In muscle-powered agricultural communities, the idea that anyone could benefit from taxing "the rich" was absurd.  Eliminating "the rich" entirely would have increased farmers' incomes by 10% at most, and without armed barons, who would fight off invaders or bandits?

The Industrial Revolution

The Industrial Revolution substituted fossil energy for human or animal muscle.  There had always been wind-powered ships and wind or water-powered grinding mills, but a vastly more potent energy source was needed for garment manufacturing which was the first major use of the new energy sources.

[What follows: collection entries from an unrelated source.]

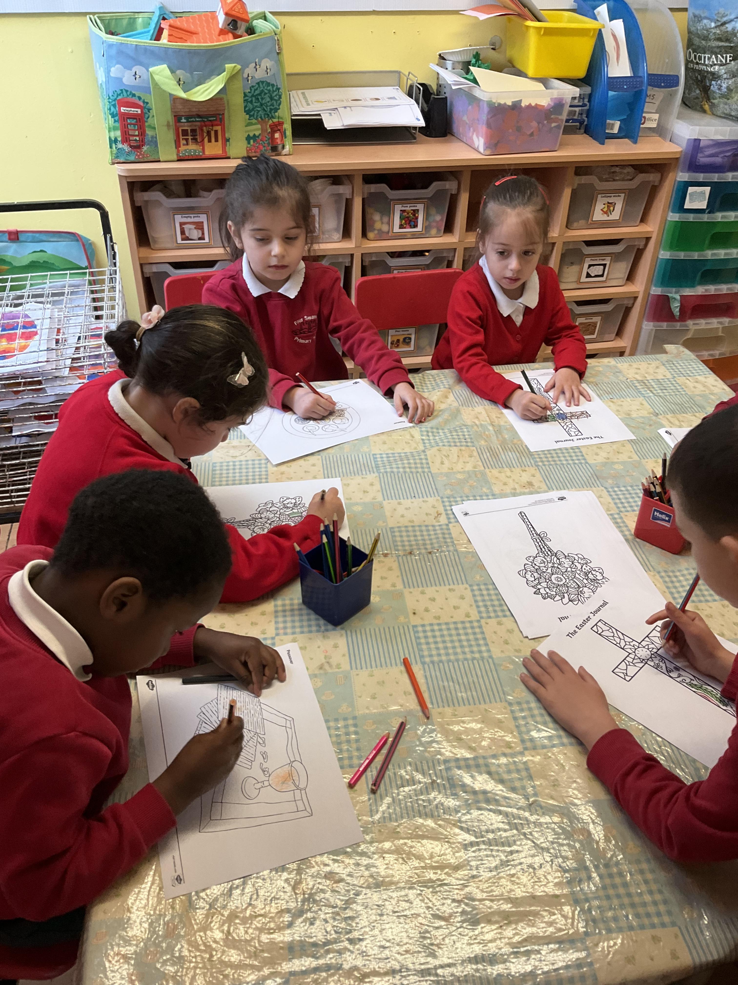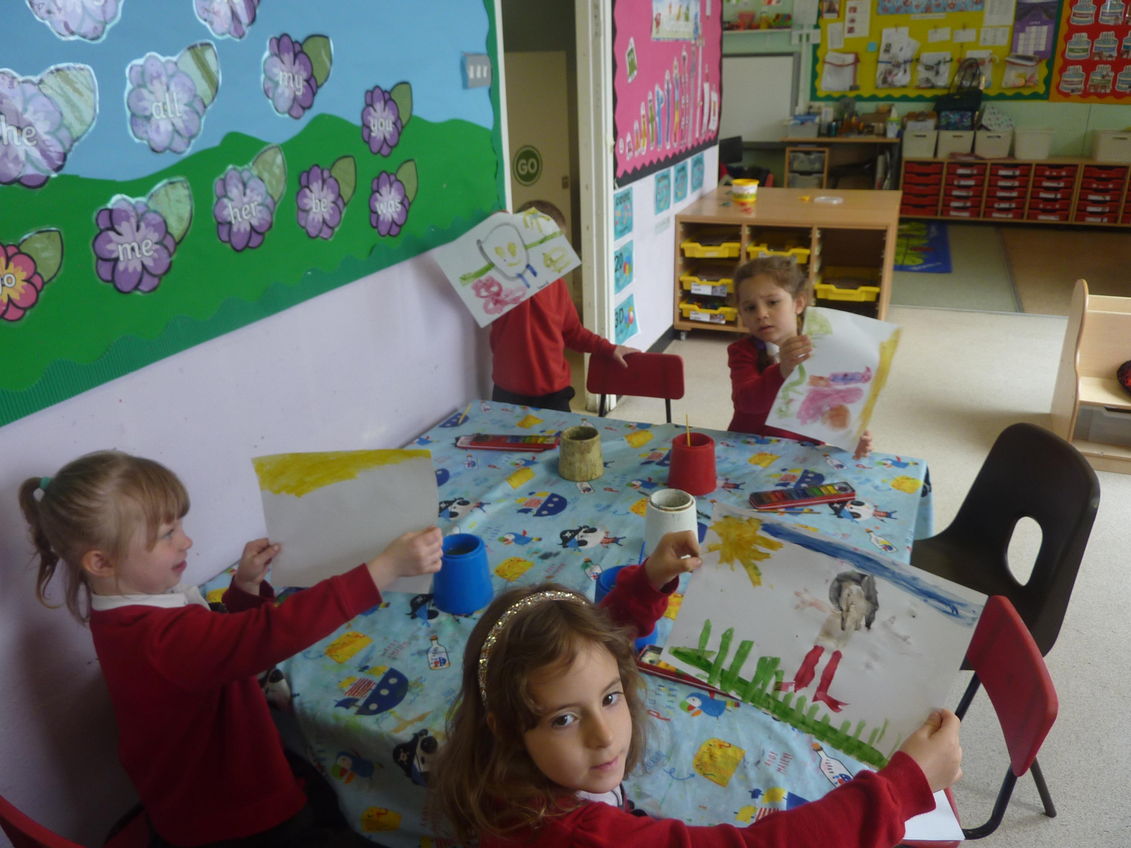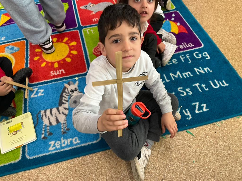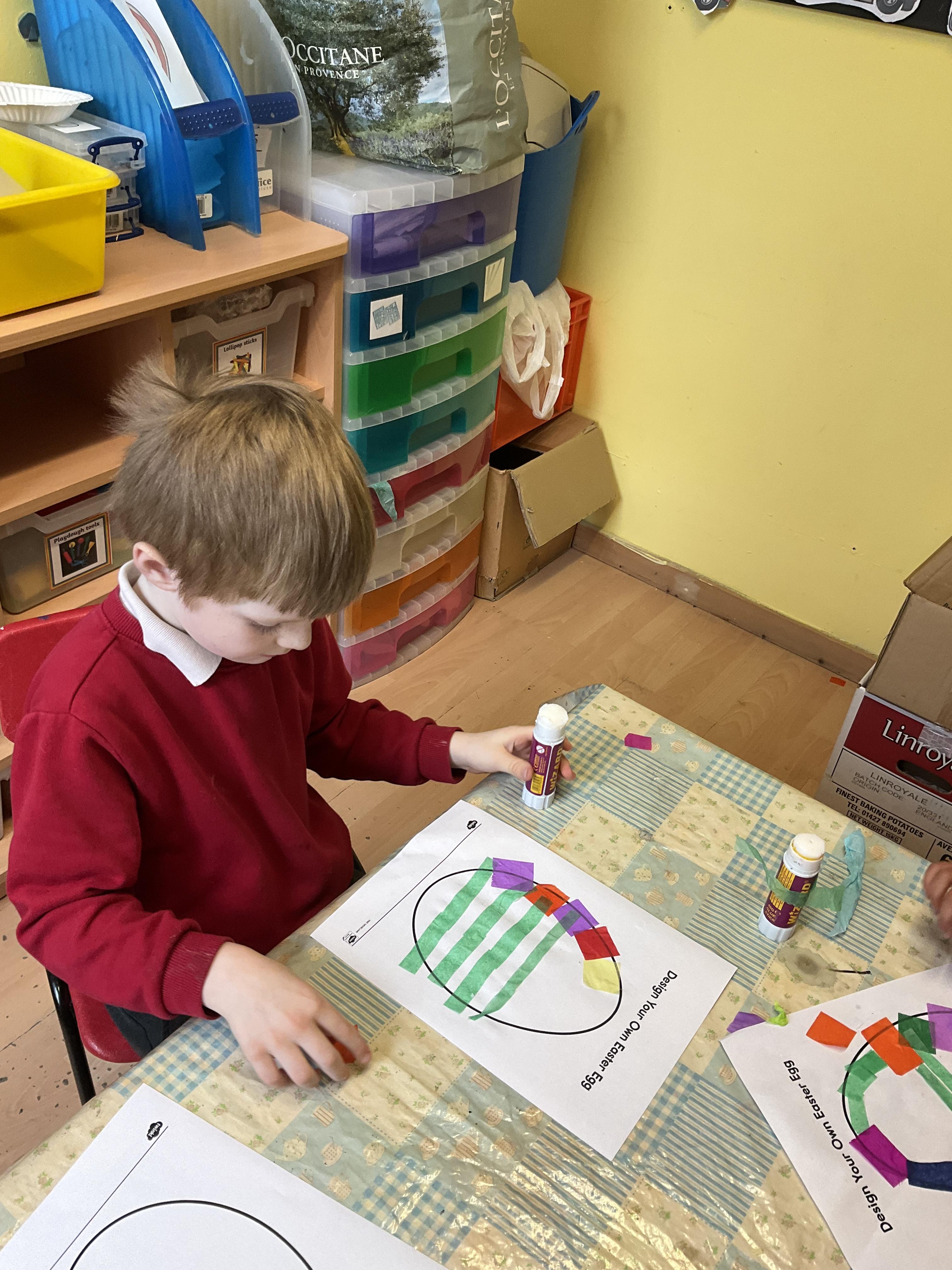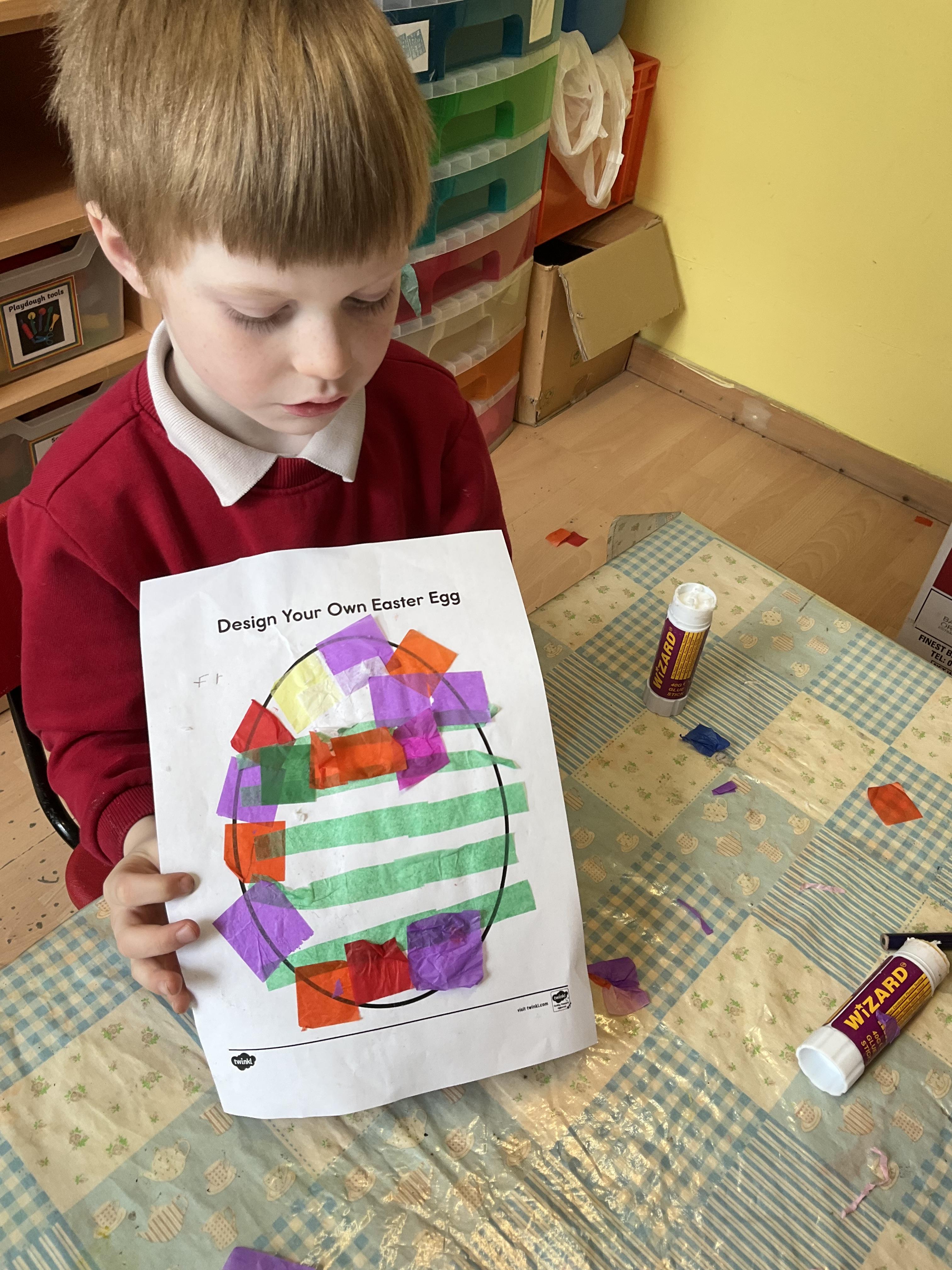 In RE we learnt about the importance of the cross for Christians all over the world. We looked at different types of crosses and those made from dried palm leaves. Then the children designed a colourful background for their Easter card using tissue paper. This made a beautiful background for the cross they cut out using black card paper.Then they wrote a message in their cards.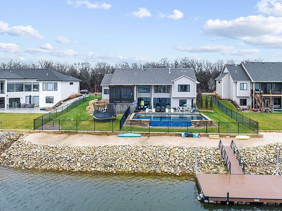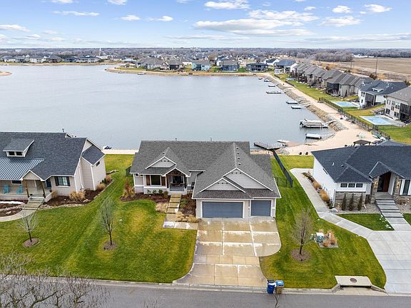See what lake life can offer you on this stunning lot in West Wichita! Located in the Sandcrest Addition, sits this stunning home complete with lake access and your own, LARGE private dock AND beach area. This property has been immaculately maintained and is ready for it new owners. The Sandcrest neighborhood offers many additional amenities as well including; A community clubhouse with a beachside fire pit, 2 swimming pools, children’s playground, pickle ball court, basketball court and soccer field. Walk up to the covered porch and inside to the welcoming foyer. Appreciate the natural lighting, tall ceilings, and hardwood floors. The living room features large windows and a cozy gas fireplace. The kitchen is open and bright. Enjoy the large island, quartz countertops, and stainless-steel appliances. Wander into the walk-in pantry filled with shelves for all your groceries, dishes, and smaller appliances. Don’t miss the cute coffee counter as well. The primary suite is stunning! The bedroom itself is spacious yet cozy with neutral colors and exposed beams. There are two walk-in closets! On to the bathroom with heated floors, a roomy, walk-in shower, free standing tub and two sinks. There are two other bedrooms and one full guest bathroom on the main level. Plus, a laundry room with storage cabinets, a folding counter and hanging rod. Just outside the laundry room is a drop zone for your shoes, coats, backpacks, etc. There’s another living area on the main level that leads out to the screened in deck. The views are simply stunning! Down to the light and bright basement where you can find even more space to entertain. The open space offers a family room, rec space, wet bar with a wine fridge and booth. There are two more bedrooms and one full bathroom in the basement. The ceiling to floor sliding doors open to your backyard oasis! Walk out to the large patio and the stunning, in-ground, saltwater pool with a beautiful waterfall feature, tanning ledge, built-in seating and umbrellas. Just a few steps further and you will arrive to your private dock and beach and the lake. No need for a summer vacation with this property! Swim, kayak, the possibilities are endless! This home sits just south of K-96 for quick access around town. New Market Square is just a few miles away for all your shopping and dining needs. If you’re looking for a fun outing, check out Sedgwick County Zoo just two miles away! This home has it all and the location is just the cherry on top. Schedule your showing now!
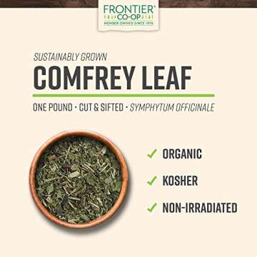 Frontier Co-op Dried Comfrey Leaf, 1lb Bulk Bag, Cut & Sifted - Organic & Natural Comfrey Herb, Kosher - For Lotions, Creams, and Hair Rinses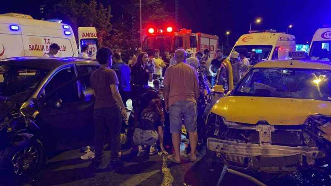 Beşiktaş Ulus’ta ters yöne giren otomobil, ticari taksiyle kafa kafaya çarpıştı. 3 aracın karıştığı kazada ortalık savaş alanına dönerken 7 kişi yaralandı.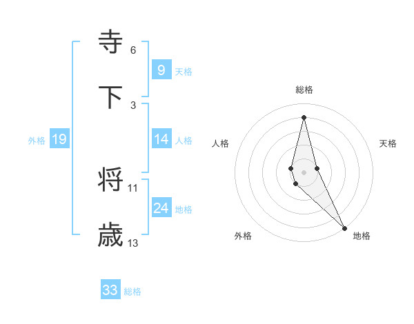 寺下 将歳さんの総格は33画の4点!

As industrial production increased, growing crops was no longer the sole source of wealth.  Farming was still the only way to get anything to eat, but factories making clothes, shoes, sewer pipe, and other societal necessities created a brand-new source of wealth which bypassed the traditional wealth of nobility - inheriting vast agricultural estates.

The Industrial Revolution started in England, a cohesive island with a fairly stable long-term government as such things go.  At the beginning, the idea of a "corporation," or limited-liability company, was unknown.  An entrepreneur had to get and keep a royal charter to be allowed to start a business, so the British started with total government control of the economy.  Over time, starting a business became easier as monarchs realized that there was more money to be made in taxing new businesses than in selling charters.

The American system was always more individualistic if only because the colonial governments did not have nearly as much economic power as the British government.  In America, it was easy to start a new venture a bit further away from government as long as you were prepared to defend it from hostile natives.  Not all Americans availed themselves of this option, but the fact that it existed put a significant limit on the government intrusiveness.  We can't help noticing the accelerating growth of government since the end of the Frontier made it much harder to move beyond the reach of the tax and regulatory authorities.